The engineering solution to this problem is to code the data. A code adds redundancy to the data, and one fruitful way of thinking about it is one takes the original data and appends a hash of it. The hash itself is, of course, potentially subject to the damaging effects of corruption, but this additional redundancy can help inform the receiver about the integrity of the data they have received. There are a wide variety of codes - that is, rules for the creation of that hash - and they were all co-designed with specific decoders that use the code-book structure, the hash structure, to try and guess what was stored or communicated based on what was received.

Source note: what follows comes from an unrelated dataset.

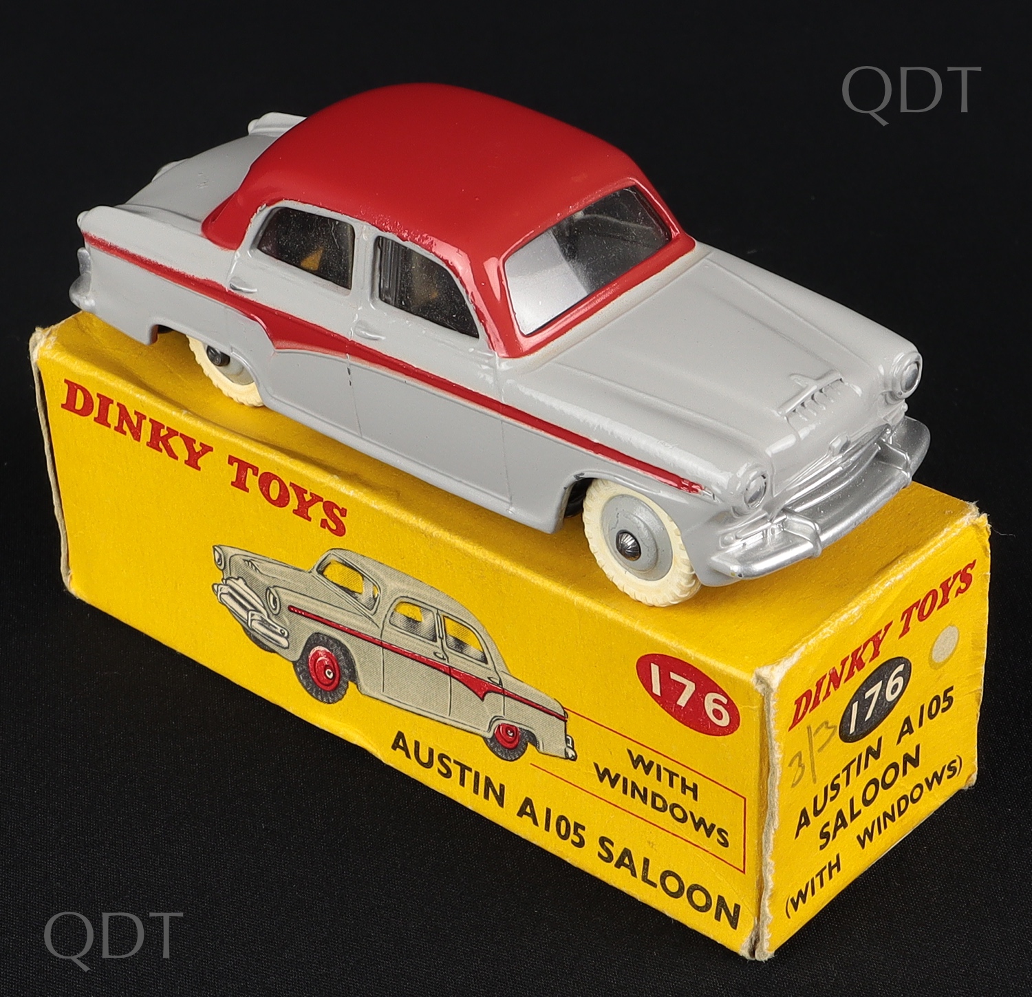 Austin A105 Saloon by Dinky Toys, No. 176. Very near mint/boxed. Grey with red roof and side flashes, grey cast wheels. From The QDT Vault.

Most of these codes or hashes are individually only suitable for the hard or soft detection setting because they only have a hard or soft detection decoder suitable for them. Because the decoder is entirely coupled to the code structure, this typically means one needs a distinct implementation to decode each of these codes and often, when done in hardware, even distinct pieces of hardware for different levels of redundancy.
Guessing Random Additive Noise Decoding (GRAND) is a methodology based on an innovative paradigm. It is agnostic to the code structure as it aims to identify the noise effect that has impacted the data, solely using the codebook for what it is: a hash of that data. GRAND can produce highly accurate soft output and so be used to decode long, powerful codes.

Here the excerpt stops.